== PROBLEM TO SOLVE ==
Drop the pictures and repeat exactly from the "Форма выпуска: порошок" line down to the last line of the entries below.

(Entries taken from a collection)
════════════════════

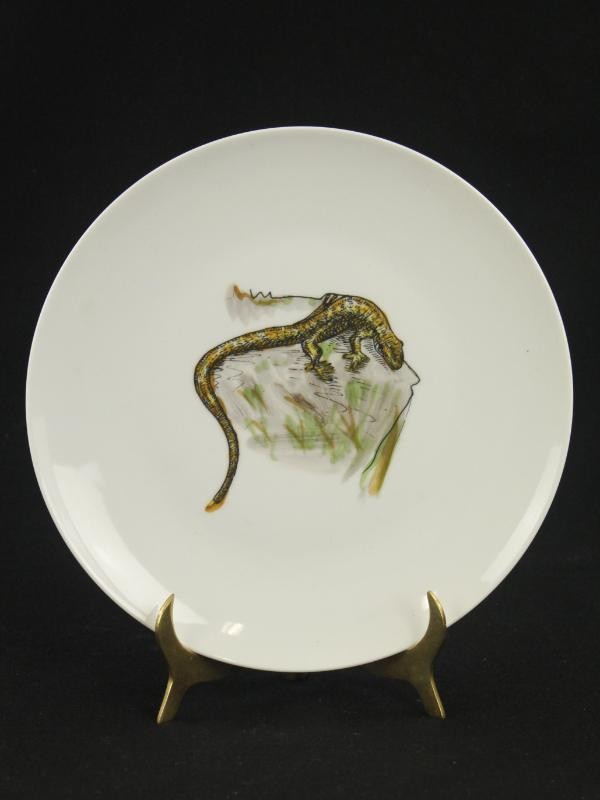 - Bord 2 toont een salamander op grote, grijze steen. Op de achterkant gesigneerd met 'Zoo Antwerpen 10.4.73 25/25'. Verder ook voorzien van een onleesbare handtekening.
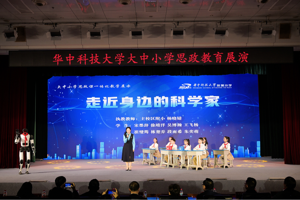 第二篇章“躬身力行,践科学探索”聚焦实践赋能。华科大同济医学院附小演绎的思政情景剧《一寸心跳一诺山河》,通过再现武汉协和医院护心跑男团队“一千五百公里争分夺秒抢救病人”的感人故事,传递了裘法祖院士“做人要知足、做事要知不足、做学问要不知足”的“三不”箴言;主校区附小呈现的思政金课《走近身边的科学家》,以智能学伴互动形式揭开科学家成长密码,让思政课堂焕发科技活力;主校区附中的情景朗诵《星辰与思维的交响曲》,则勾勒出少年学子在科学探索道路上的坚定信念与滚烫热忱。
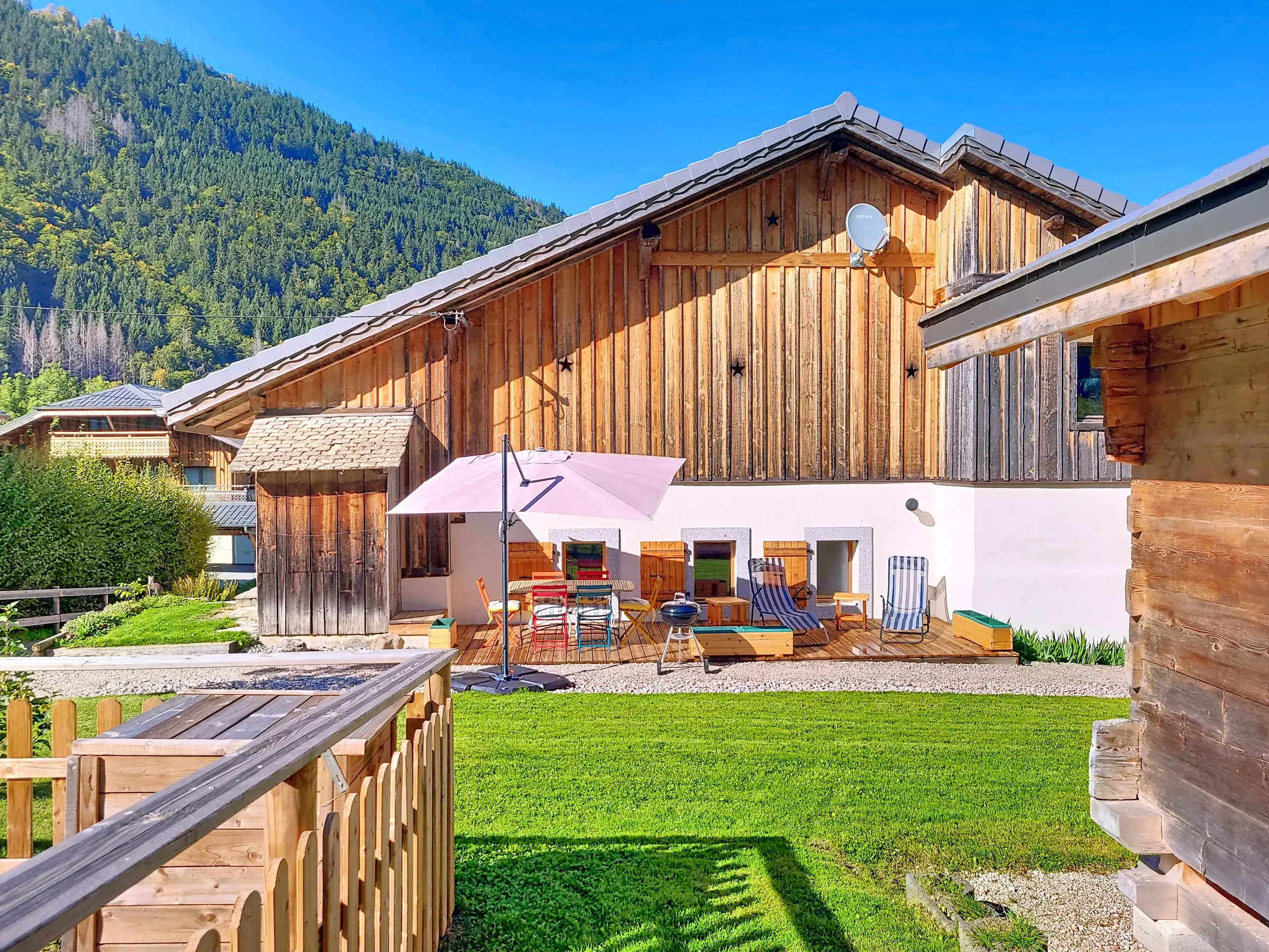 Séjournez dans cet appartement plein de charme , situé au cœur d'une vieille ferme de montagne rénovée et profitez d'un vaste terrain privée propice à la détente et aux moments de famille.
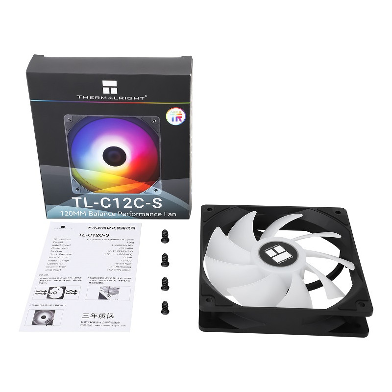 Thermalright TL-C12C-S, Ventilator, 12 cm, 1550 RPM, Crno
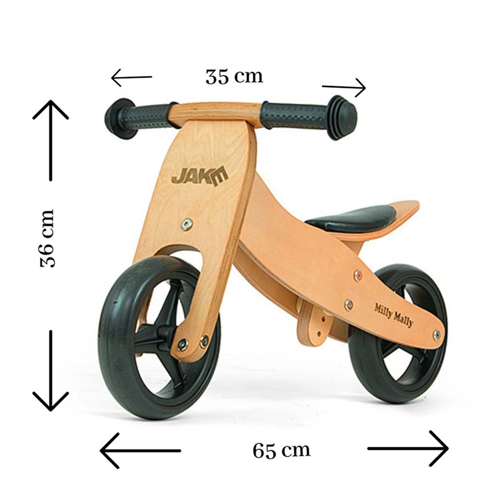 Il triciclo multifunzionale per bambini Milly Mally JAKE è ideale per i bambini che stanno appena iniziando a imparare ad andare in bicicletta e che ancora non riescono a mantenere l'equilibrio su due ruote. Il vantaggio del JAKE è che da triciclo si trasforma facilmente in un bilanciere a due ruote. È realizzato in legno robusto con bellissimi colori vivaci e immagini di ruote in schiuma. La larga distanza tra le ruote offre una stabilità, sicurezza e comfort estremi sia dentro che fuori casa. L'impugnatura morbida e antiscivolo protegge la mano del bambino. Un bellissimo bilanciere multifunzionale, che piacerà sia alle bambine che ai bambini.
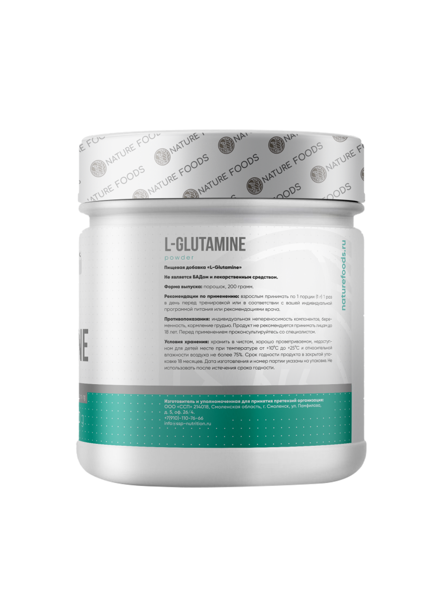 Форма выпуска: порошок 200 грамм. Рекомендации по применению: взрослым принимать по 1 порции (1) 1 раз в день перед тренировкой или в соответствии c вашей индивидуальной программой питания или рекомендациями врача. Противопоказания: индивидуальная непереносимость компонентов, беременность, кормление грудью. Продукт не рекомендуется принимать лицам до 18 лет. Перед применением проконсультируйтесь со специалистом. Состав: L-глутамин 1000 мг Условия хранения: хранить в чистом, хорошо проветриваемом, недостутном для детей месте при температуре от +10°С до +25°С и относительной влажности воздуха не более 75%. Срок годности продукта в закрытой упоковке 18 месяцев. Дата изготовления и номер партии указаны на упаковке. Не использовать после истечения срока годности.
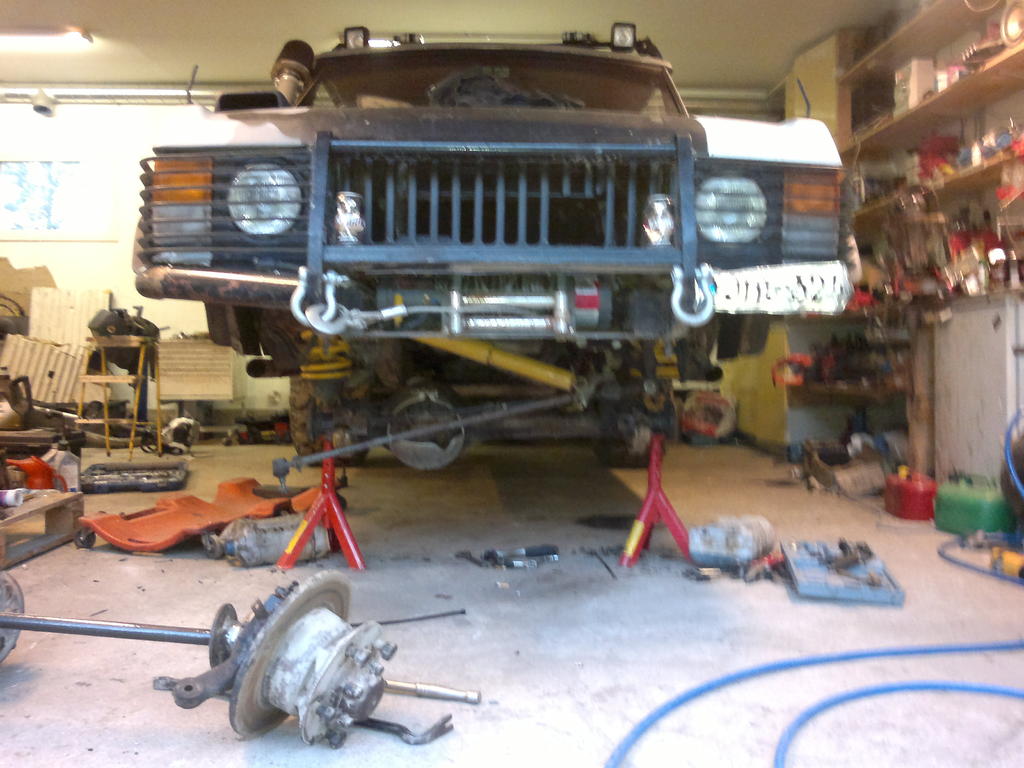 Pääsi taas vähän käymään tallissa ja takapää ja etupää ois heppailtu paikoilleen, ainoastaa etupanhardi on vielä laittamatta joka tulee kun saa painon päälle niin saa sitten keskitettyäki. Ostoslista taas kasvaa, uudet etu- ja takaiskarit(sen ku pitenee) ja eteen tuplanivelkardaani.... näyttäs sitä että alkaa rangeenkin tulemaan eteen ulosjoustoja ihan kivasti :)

════════════════════

== ANSWER TO THIS EXERCISE ==
 Форма выпуска: порошок 200 грамм. Рекомендации по применению: взрослым принимать по 1 порции (1) 1 раз в день перед тренировкой или в соответствии c вашей индивидуальной программой питания или рекомендациями врача. Противопоказания: индивидуальная непереносимость компонентов, беременность, кормление грудью. Продукт не рекомендуется принимать лицам до 18 лет. Перед применением проконсультируйтесь со специалистом. Состав: L-глутамин 1000 мг Условия хранения: хранить в чистом, хорошо проветриваемом, недостутном для детей месте при температуре от +10°С до +25°С и относительной влажности воздуха не более 75%. Срок годности продукта в закрытой упоковке 18 месяцев. Дата изготовления и номер партии указаны на упаковке. Не использовать после истечения срока годности.
 Pääsi taas vähän käymään tallissa ja takapää ja etupää ois heppailtu paikoilleen, ainoastaa etupanhardi on vielä laittamatta joka tulee kun saa painon päälle niin saa sitten keskitettyäki. Ostoslista taas kasvaa, uudet etu- ja takaiskarit(sen ku pitenee) ja eteen tuplanivelkardaani.... näyttäs sitä että alkaa rangeenkin tulemaan eteen ulosjoustoja ihan kivasti :)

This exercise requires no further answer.